= Beginning of Section =

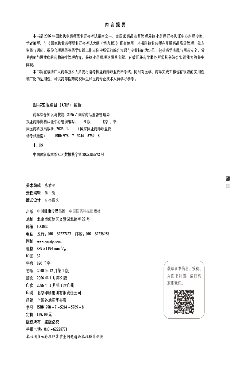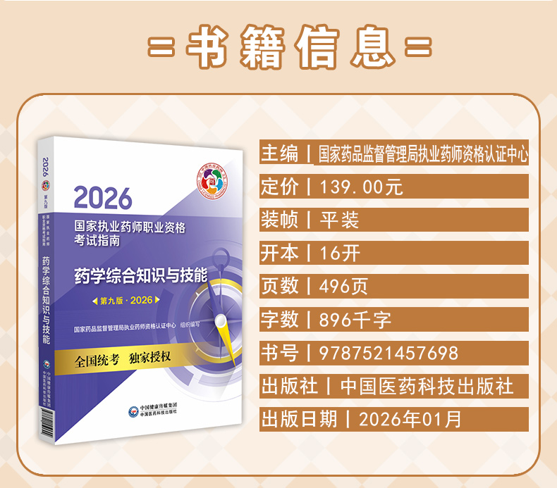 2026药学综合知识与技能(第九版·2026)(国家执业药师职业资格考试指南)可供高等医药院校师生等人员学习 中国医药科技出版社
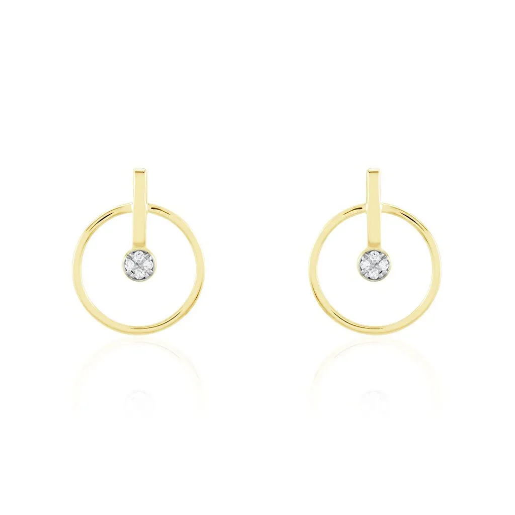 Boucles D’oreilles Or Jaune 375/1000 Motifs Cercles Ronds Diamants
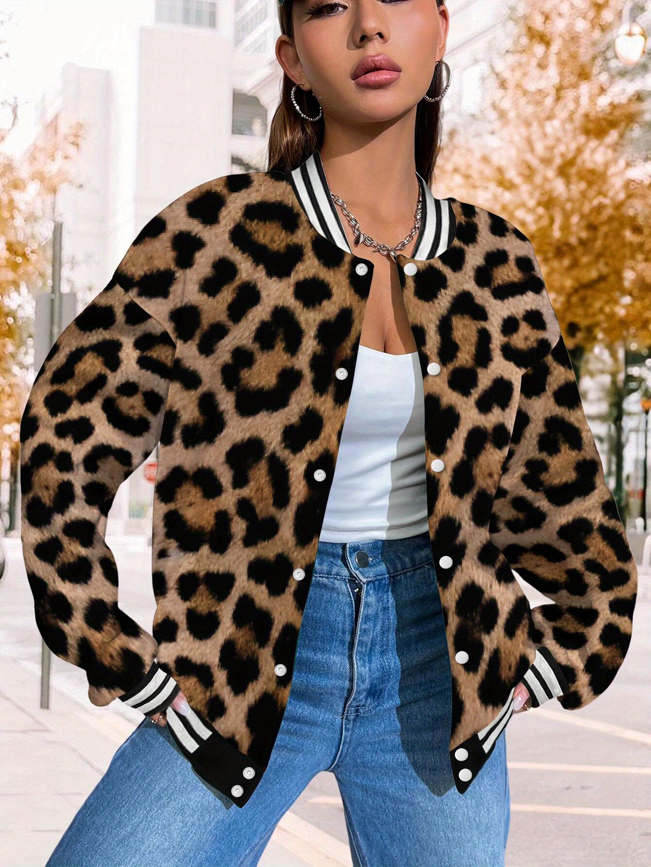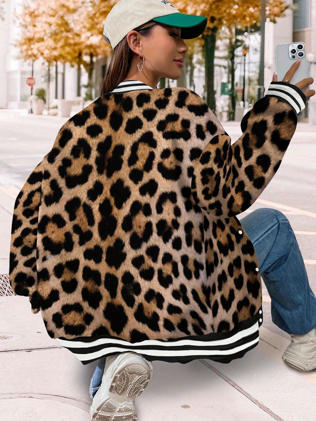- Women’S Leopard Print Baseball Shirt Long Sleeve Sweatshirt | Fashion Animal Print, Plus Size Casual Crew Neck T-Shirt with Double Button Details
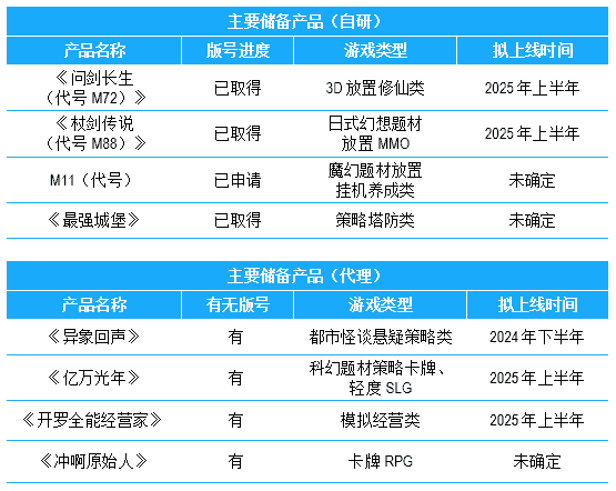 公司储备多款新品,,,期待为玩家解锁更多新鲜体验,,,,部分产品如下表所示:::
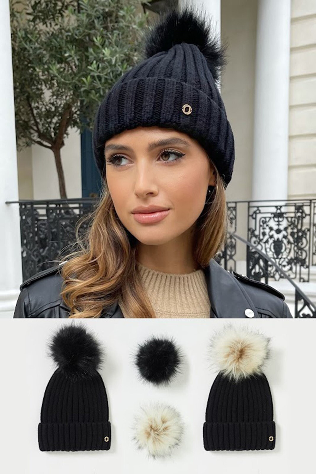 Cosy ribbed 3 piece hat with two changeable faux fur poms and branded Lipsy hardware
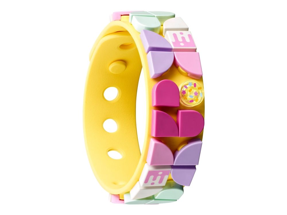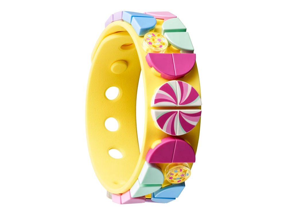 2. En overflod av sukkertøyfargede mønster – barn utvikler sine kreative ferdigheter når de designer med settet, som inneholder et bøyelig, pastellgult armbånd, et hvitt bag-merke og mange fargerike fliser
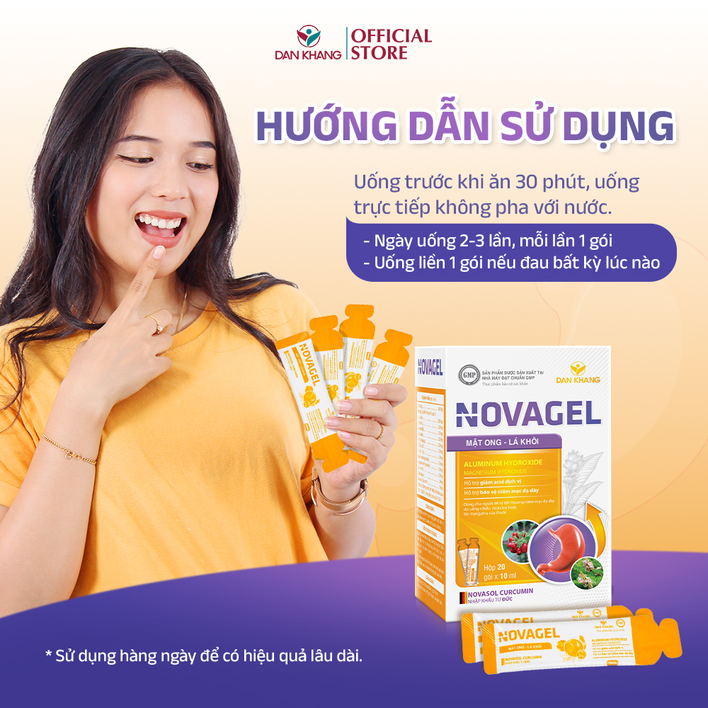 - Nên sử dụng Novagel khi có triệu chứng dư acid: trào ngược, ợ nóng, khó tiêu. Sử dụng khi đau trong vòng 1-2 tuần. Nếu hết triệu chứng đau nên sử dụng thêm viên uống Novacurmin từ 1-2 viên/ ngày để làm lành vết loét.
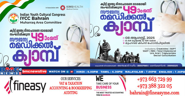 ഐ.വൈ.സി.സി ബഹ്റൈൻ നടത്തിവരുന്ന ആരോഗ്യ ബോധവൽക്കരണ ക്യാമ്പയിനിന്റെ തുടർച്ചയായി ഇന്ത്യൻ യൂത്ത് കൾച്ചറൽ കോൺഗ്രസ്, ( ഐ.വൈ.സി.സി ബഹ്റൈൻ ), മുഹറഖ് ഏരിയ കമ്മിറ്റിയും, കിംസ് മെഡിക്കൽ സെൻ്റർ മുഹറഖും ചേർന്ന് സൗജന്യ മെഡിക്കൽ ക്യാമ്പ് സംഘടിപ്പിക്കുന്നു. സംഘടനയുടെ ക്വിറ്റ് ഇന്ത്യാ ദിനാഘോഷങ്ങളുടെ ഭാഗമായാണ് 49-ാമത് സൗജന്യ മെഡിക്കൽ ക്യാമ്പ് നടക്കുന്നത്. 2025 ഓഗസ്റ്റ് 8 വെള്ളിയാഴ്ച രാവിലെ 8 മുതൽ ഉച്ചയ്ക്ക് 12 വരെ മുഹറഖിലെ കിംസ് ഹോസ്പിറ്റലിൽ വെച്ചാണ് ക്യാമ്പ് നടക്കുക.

= End of Section =

*Work required*
Everything from the line holding "Boucles D’oreilles Or" through the last line of the listing should be written out exactly, except for the pictures.

*Expected answer*
 Boucles D’oreilles Or Jaune 375/1000 Motifs Cercles Ronds Diamants
- Women’S Leopard Print Baseball Shirt Long Sleeve Sweatshirt | Fashion Animal Print, Plus Size Casual Crew Neck T-Shirt with Double Button Details
 公司储备多款新品,,,期待为玩家解锁更多新鲜体验,,,,部分产品如下表所示:::
 Cosy ribbed 3 piece hat with two changeable faux fur poms and branded Lipsy hardware
 2. En overflod av sukkertøyfargede mønster – barn utvikler sine kreative ferdigheter når de designer med settet, som inneholder et bøyelig, pastellgult armbånd, et hvitt bag-merke og mange fargerike fliser
 - Nên sử dụng Novagel khi có triệu chứng dư acid: trào ngược, ợ nóng, khó tiêu. Sử dụng khi đau trong vòng 1-2 tuần. Nếu hết triệu chứng đau nên sử dụng thêm viên uống Novacurmin từ 1-2 viên/ ngày để làm lành vết loét.
 ഐ.വൈ.സി.സി ബഹ്റൈൻ നടത്തിവരുന്ന ആരോഗ്യ ബോധവൽക്കരണ ക്യാമ്പയിനിന്റെ തുടർച്ചയായി ഇന്ത്യൻ യൂത്ത് കൾച്ചറൽ കോൺഗ്രസ്, ( ഐ.വൈ.സി.സി ബഹ്റൈൻ ), മുഹറഖ് ഏരിയ കമ്മിറ്റിയും, കിംസ് മെഡിക്കൽ സെൻ്റർ മുഹറഖും ചേർന്ന് സൗജന്യ മെഡിക്കൽ ക്യാമ്പ് സംഘടിപ്പിക്കുന്നു. സംഘടനയുടെ ക്വിറ്റ് ഇന്ത്യാ ദിനാഘോഷങ്ങളുടെ ഭാഗമായാണ് 49-ാമത് സൗജന്യ മെഡിക്കൽ ക്യാമ്പ് നടക്കുന്നത്. 2025 ഓഗസ്റ്റ് 8 വെള്ളിയാഴ്ച രാവിലെ 8 മുതൽ ഉച്ചയ്ക്ക് 12 വരെ മുഹറഖിലെ കിംസ് ഹോസ്പിറ്റലിൽ വെച്ചാണ് ക്യാമ്പ് നടക്കുക.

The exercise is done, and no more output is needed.